7. The composition of any one of claims 1-6, wherein a single daily dose of the composition comprises from about 10 mg to about 300 mg of grape extract.

8. The composition of any one of claims 1-7, wherein a single daily dose of the composition comprises from about 5 mg to about 300 mg of alpha-lipoic acid.

9. The composition of any one of claims 1-8, wherein a single daily dose of the composition comprises from about 1 mg to about 200 mg of quercetin.

10. The composition of claim 9, wherein the quercetin is quercetin (dihydrate).

11. The composition of any one of claims 5-10, wherein the single daily dose of the composition is configured for a mammal.

12. The composition of claim 11, wherein the mammal is a human.

13. The composition of any one of claims 1-10, wherein the composition is effective for activating mitochondria when administered to a subject.

14. The composition of any one of claims 1-10, wherein the composition is effective for slowing aging when administered to a subject.

15. The composition of any one of claims 1-10, wherein the composition is effective for increasing stamina when administered to a subject.

16. The composition of any one of claims 1-10, wherein the composition is effective for increasing libido when administered to a subject.

17. A method of activating mitochondria in a subject, the method comprising: administering a therapeutically effective amount of the composition of any one of claims 1-10 to the subject.

18. A method of slowing aging in a subject, the method comprising: administering a therapeutically effective amount of the composition of any one of claims 1-10 to the subject.

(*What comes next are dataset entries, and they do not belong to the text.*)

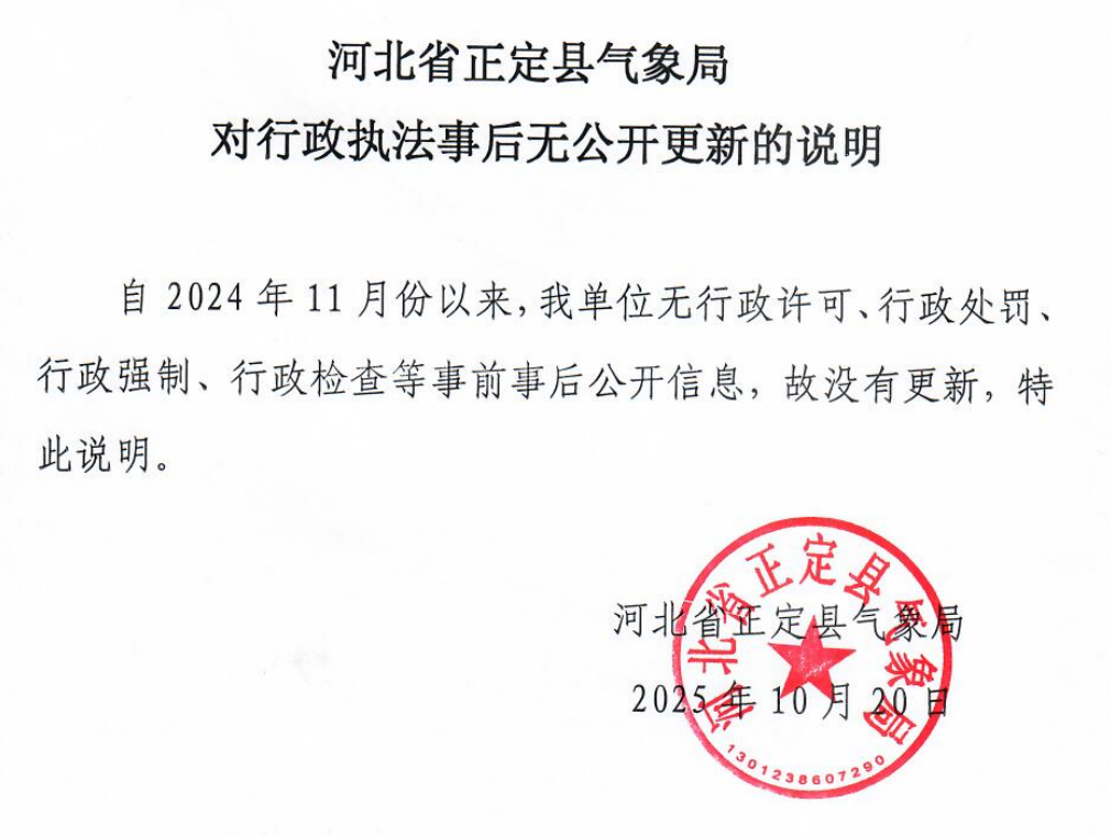 河北省正定县气象局对行政执法事后无公开更新的说明
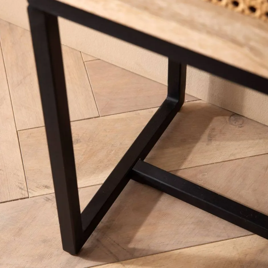 - Aus Mangobaum Massivholz, Rattan, Metall und MDF hergestellt
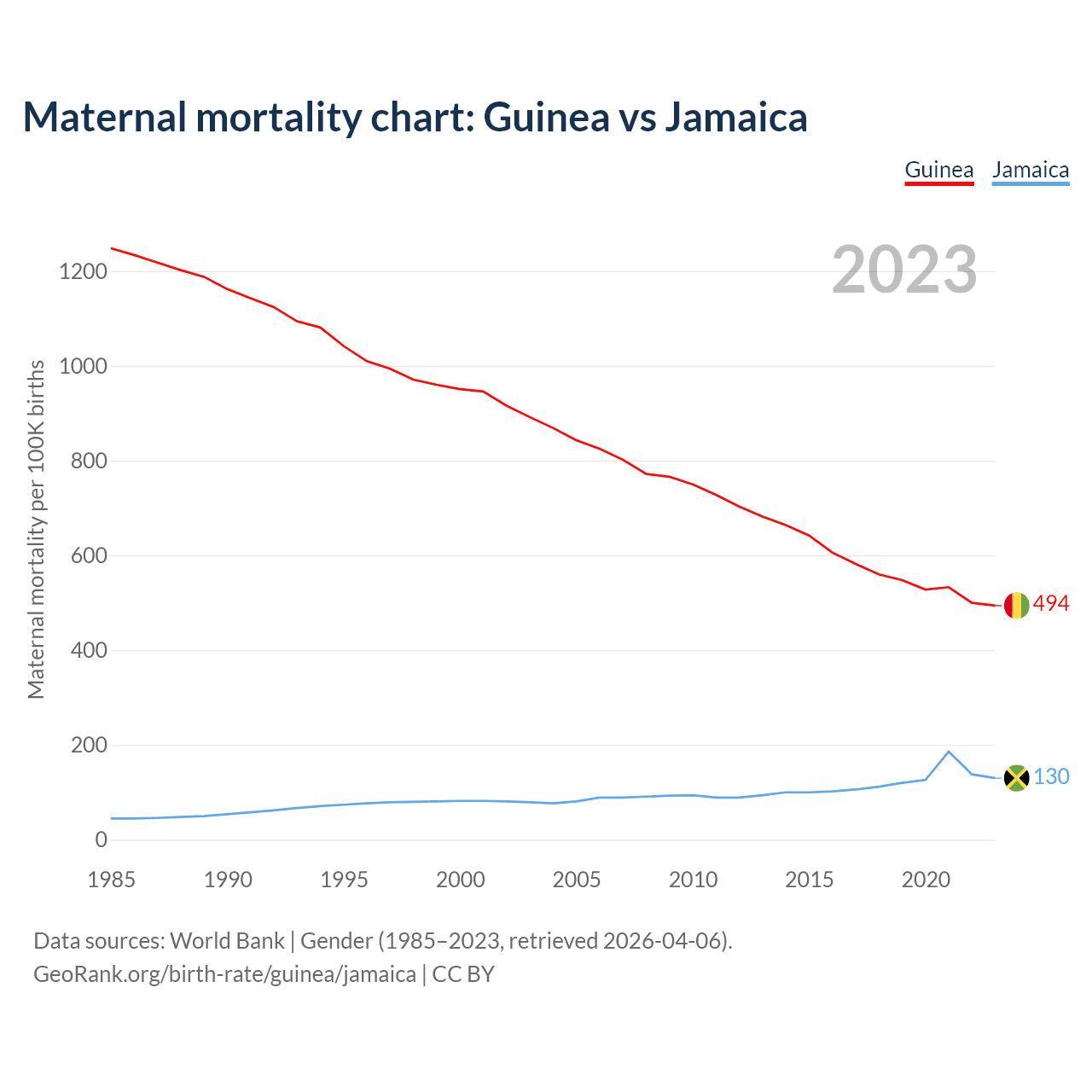 The maternal mortality rate, which is the probability of dying during childbirth or within 42 days of pregnancy termination, is 494 deaths per 100,000 live births in Guinea, compared to 130 deaths in Jamaica.
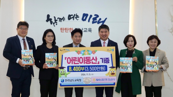 (전남=NSP통신) 김용재 기자 = 농협은행 전남본부(본부장 정재헌)는 5일 전남도교육청(교육감 김대중)에서 도내 어린이들의 올바른 인성 함양과 독서 환경 조성을 위한‘어린이동산’연간 구독권 8400부(3500만원 상당)를 전달했다.
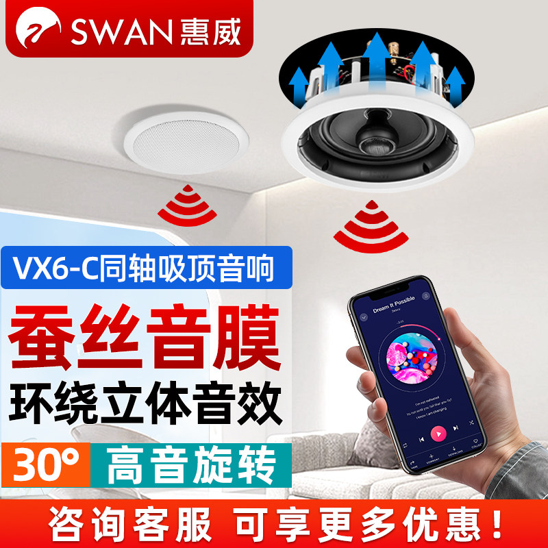 Hivi/惠威 VX6-C定阻吸顶喇叭功放吊顶音响套装家用音箱VX5/VX8
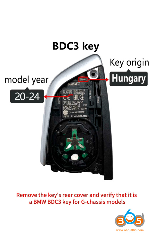 Remove the key’s rear cover and verify that it is a BMW BDC3 key for G chassis manufactured between 2020 and 2024 in Hungary.
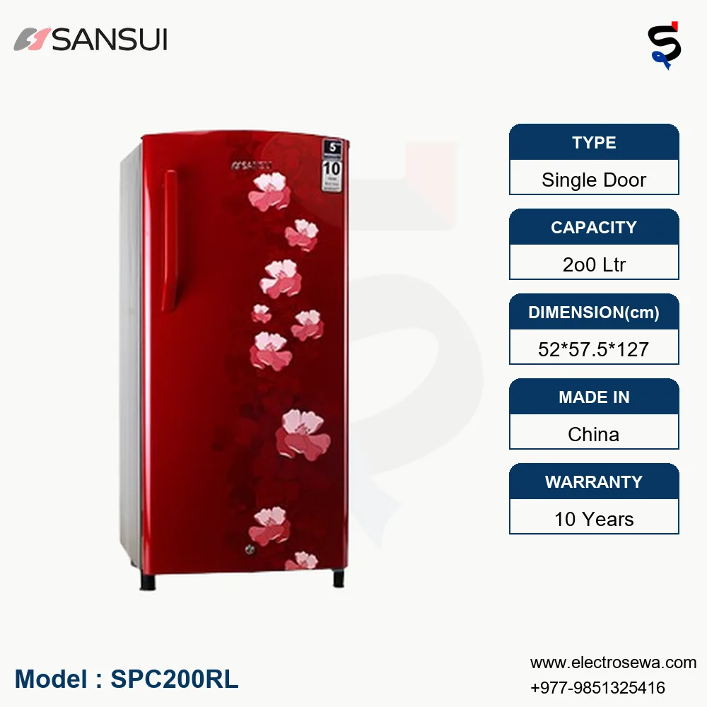 SANSUI REFRIGERATOR – 200 LTR – SINGLE DOOR FLORAL RED(SPC200RL)
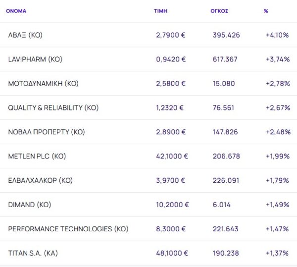 Οι μετοχές με τη μεγαλύτερη άνοδο ήταν:
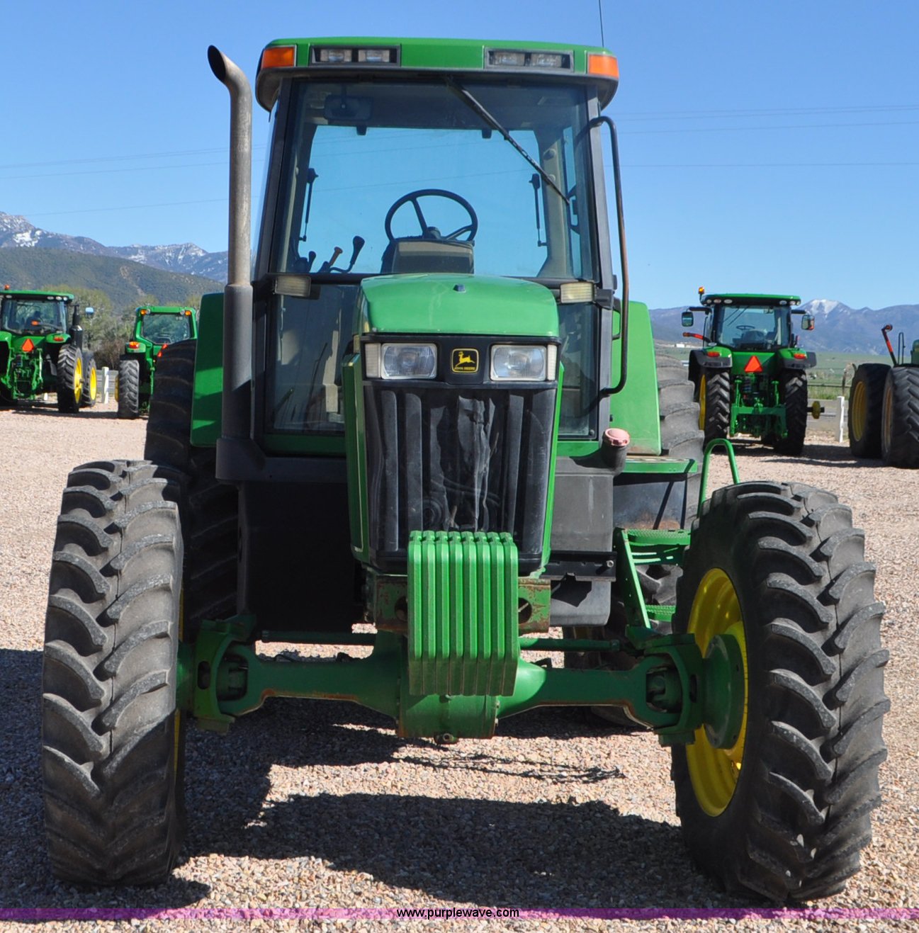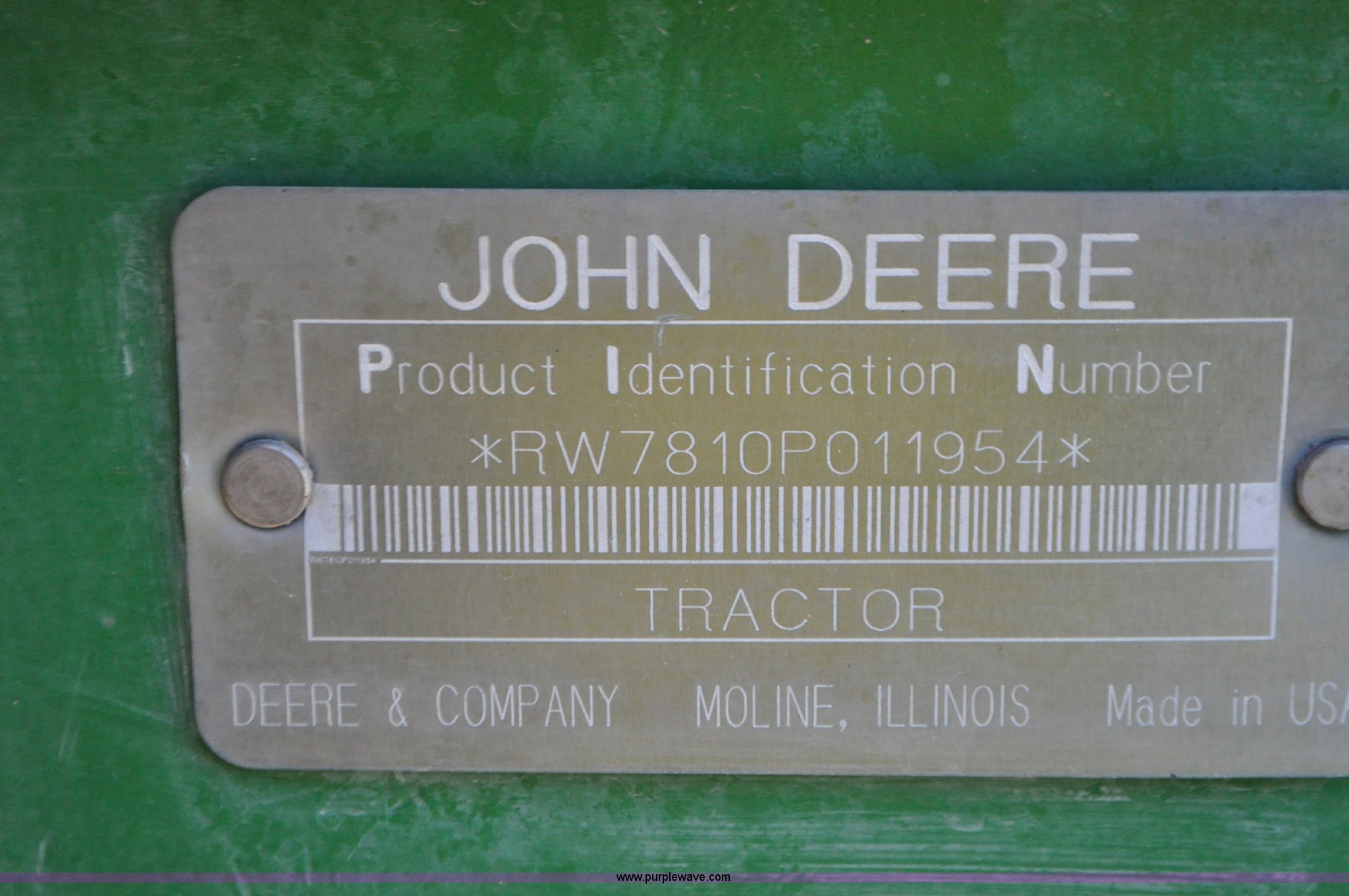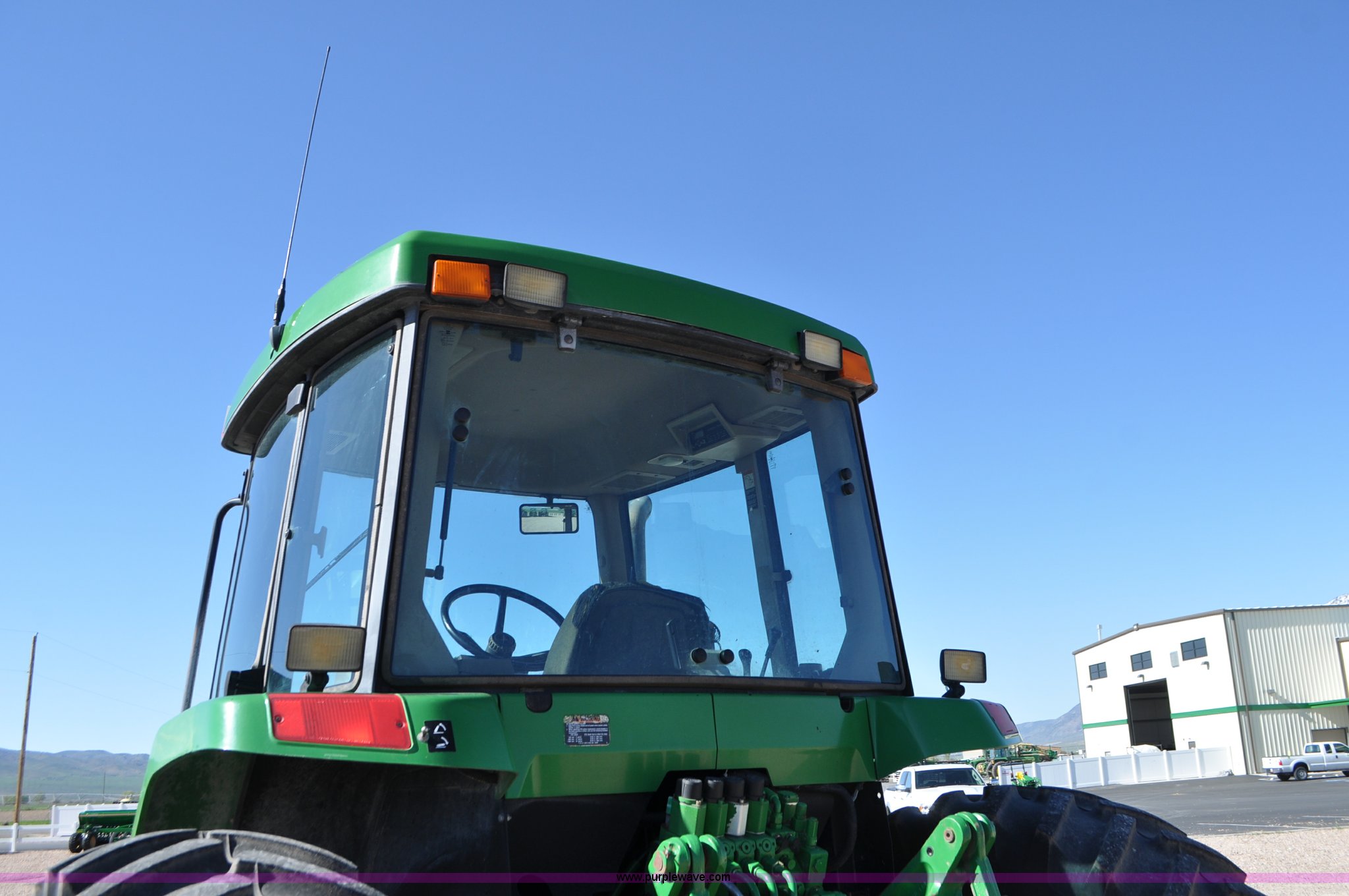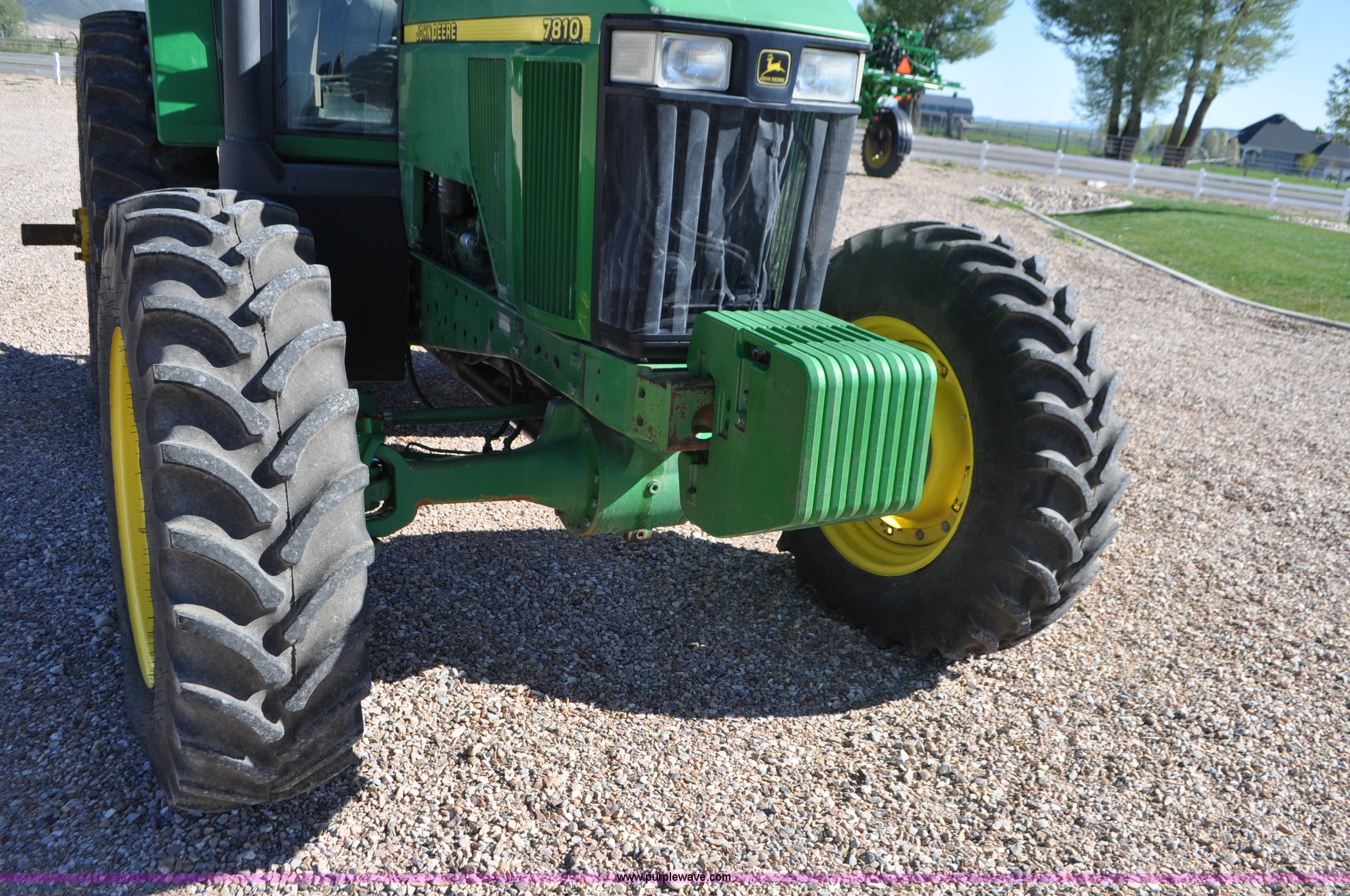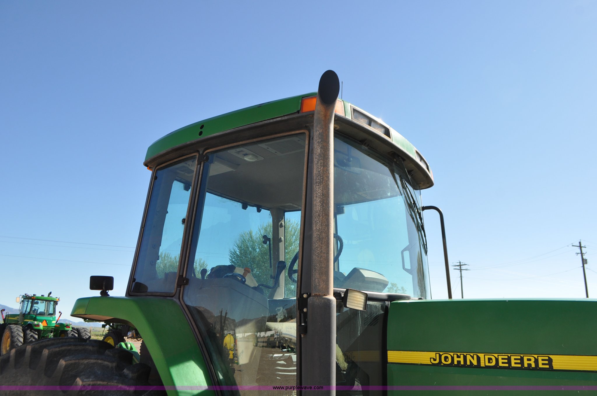Purple Wave is selling a used Tractor in Utah. This item is a 1998 John Deere 7810 MFWD tractor with the following: 1,622 hours on meter, John Deere 6081 8.1L six cylinder turbo diesel engine, 175 HP, Serial RG6081T047245, Powershift transmission, 19F-7R gears, AC and heat, Tilt steering wheel, AM/FM, Air suspension seat, Three point, Seven pin outlet, 1000 PTO, (4) rear hydraulic remote sets, (8) suitcase weights, Wheel weights, 14.9R30 front tires, 18.4R42 rear tires, U-joints need replaced between engine and transmission, Serial RW7810P011954, Unit# U14J1638

19. A method of increasing stamina in a subject, the method comprising: administering a therapeutically effective amount of the composition of any one of claims 1-10 to the subject.

20. A method of increasing libido in a subject, the method comprising: administering a therapeutically effective amount of the composition of any one of claims 1-10 to the subject.

21. The method of any one of claims 17-20, wherein the subject is a human.